Piotr takes a sip of his beer, looks at her across the table.

– I’ll send you money for him, Ewa. Soon as I start earning.

He holds eye contact, the promise is sincere but the moment uncomfortable. Ewa picks up her beer and drinks, too. The ache in her throat is back and she wants to swallow it. She needs the money, of course, but to Ewa the promise feels like second best, humiliation. Not what she came for.

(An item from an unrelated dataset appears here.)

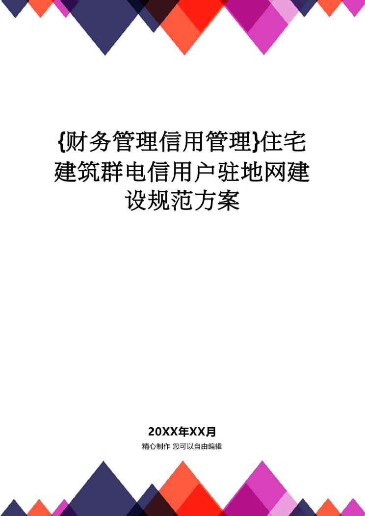 不久前,最新文档《【财务管理信用管理 】住宅建筑群电信用户驻地网建设规范方案》全文正式在本站发布,感兴趣的用户可以下载阅读。 声明:本站所有文章,如无特殊说明或标注,均为本站原创发布。任何个人或组织,在未征得本站同意时,禁止复制、盗用、采集、发布本站内容到任何网站、书籍等各类媒体平台。如若本站内容侵犯了原著者的合法权益,可联系我们进行处理。

She doesn’t say anything, can only think how Dorota will react when she tells her: a sarcastic demand, probably, for Piotr’s statement in writing. And then their food comes, and with it a moment’s grace to think of a response, while the waiter lays the plates on the table.
Be pragmatic, be like
Dorota.
Ewa calculates: this meal will cost about the same as a week’s rent, and if Piotr sends them that every month, she and Jacek can move, and she won’t have to sleep in the kitchen. But then the waiter says he is changing shifts and could they please pay up front, and Piotr takes so long to find enough to cover the bill, searching through his pockets, that Ewa abandons her pragmatics again. Pushes at the long white spears on her plate instead, picks up her fork and crushes a potato. She doesn’t look at Piotr. Doesn’t move to try her own pockets, knows she has just about enough for the train fare back in borrowed money. She will not tell Dorota about this, says to herself,
doesn’t matter, doesn’t matter, doesn’t matter
. They have got by so far without him and it will just have to go on that way.